▶ _WORK TO COMPLETE_:
Give back every line of the data exactly. Pictures are not part of the copy.

▶ _THE DATA_:
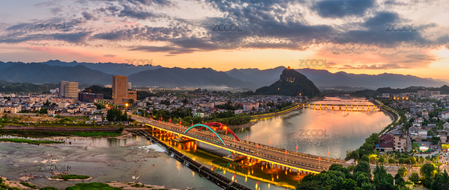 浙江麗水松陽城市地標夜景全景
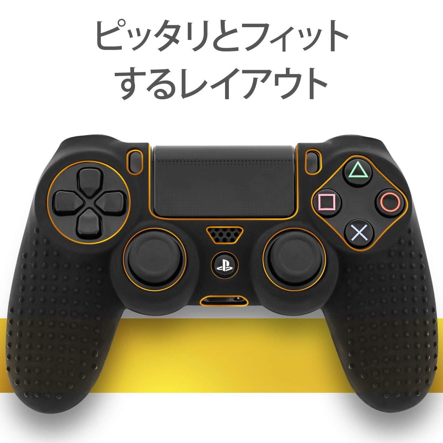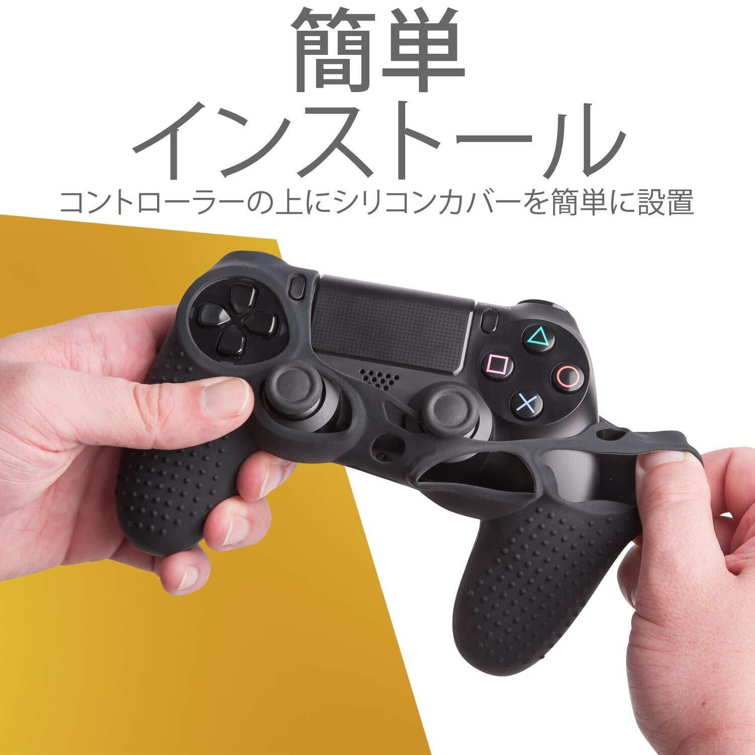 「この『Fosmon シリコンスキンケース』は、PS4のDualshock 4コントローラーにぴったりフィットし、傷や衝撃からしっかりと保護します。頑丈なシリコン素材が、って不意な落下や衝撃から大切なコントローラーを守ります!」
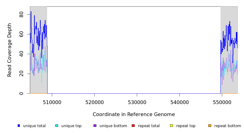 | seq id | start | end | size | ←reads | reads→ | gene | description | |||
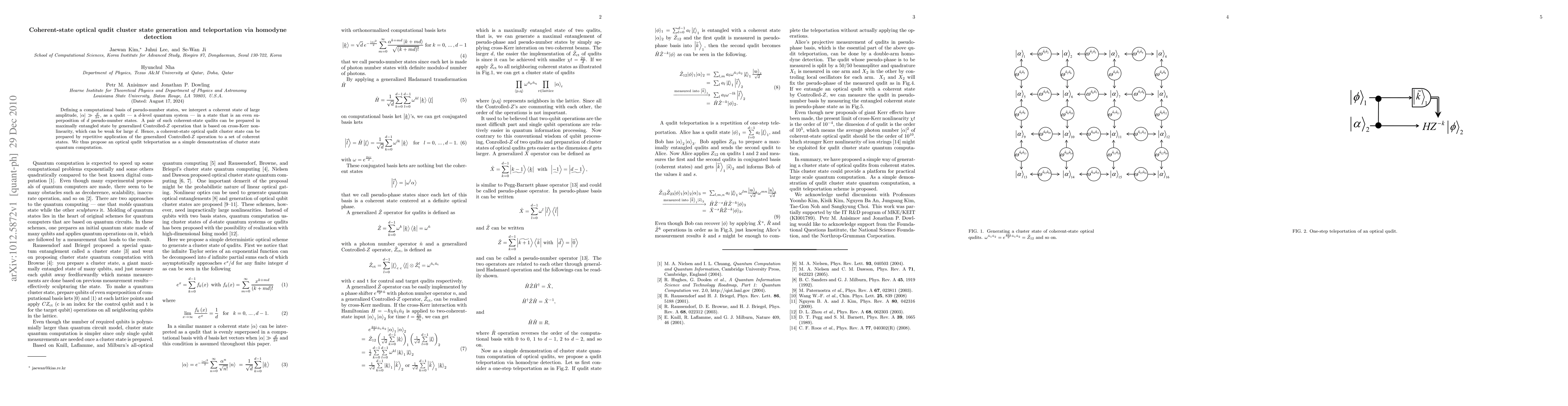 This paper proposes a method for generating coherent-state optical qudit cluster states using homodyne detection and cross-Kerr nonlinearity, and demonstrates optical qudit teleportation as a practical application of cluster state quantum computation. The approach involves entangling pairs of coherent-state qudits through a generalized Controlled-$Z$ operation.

▶ _REPLY TO THE TASK_:
 浙江麗水松陽城市地標夜景全景
 「この『Fosmon シリコンスキンケース』は、PS4のDualshock 4コントローラーにぴったりフィットし、傷や衝撃からしっかりと保護します。頑丈なシリコン素材が、って不意な落下や衝撃から大切なコントローラーを守ります!」
 | seq id | start | end | size | ←reads | reads→ | gene | description | |||
 This paper proposes a method for generating coherent-state optical qudit cluster states using homodyne detection and cross-Kerr nonlinearity, and demonstrates optical qudit teleportation as a practical application of cluster state quantum computation. The approach involves entangling pairs of coherent-state qudits through a generalized Controlled-$Z$ operation.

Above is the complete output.